Oh and send some to Jen -she would also love some of your baby dust, i don't mind sharing, as you can tell by all of the women who surround me, there is enough to go around.

I'll be back in a few days - probably with a thumbs up or a thumbs down (and maybe even some news to share about what hospitals you can find me at starting in august... ooh aahhh....)

Wednesday, February 6, 2008

give me a break

nauseas.
fatigue.
emotional instability.

ya that is me in a nutshell over the past few days - what does it mean? someone asked me if i was pregnant today. i have wondered that myself, but i am too big of a chicken to take a HPT so we will just have to wait and see if 'aunt flo' arrives friday or not. if not, then maybe i'll take a test. i think about it - more at times than others - but i'll be ok either way.

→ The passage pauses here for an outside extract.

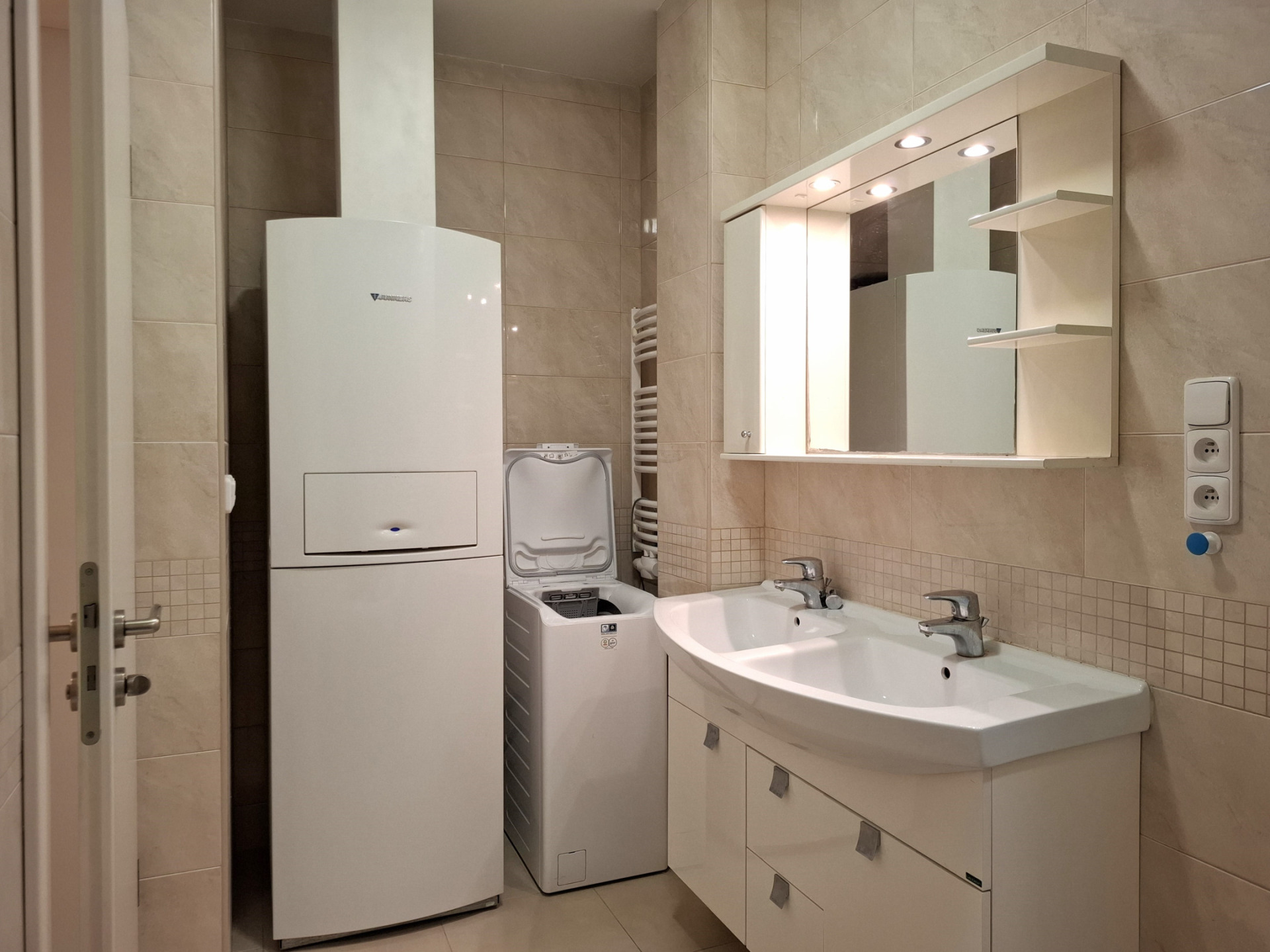- Popis vybavení: kuchyňská linka s vest. spotřebiči (myčka nádobí, el. trouba včetně sklokeramické desky, odsávač par včetně osvětlení, mikrovlnná trouba, kombinovaná lednice s mrazákem), v koupelně dále pračka s inte

one thing that is kind of strange though, is the fact that i am back to not being able to concentrate. why?????
i am not doing good enough for that - not at all. but yet i study, study, study and feel like it was nearly all for nothing (i at least retain some things!) test in a week, that is not a good place to be - i think this test is going to be tricky too.
i know i am smart, i just don't know why i am not focusing, maybe it is the nausea - it is distracting afterall.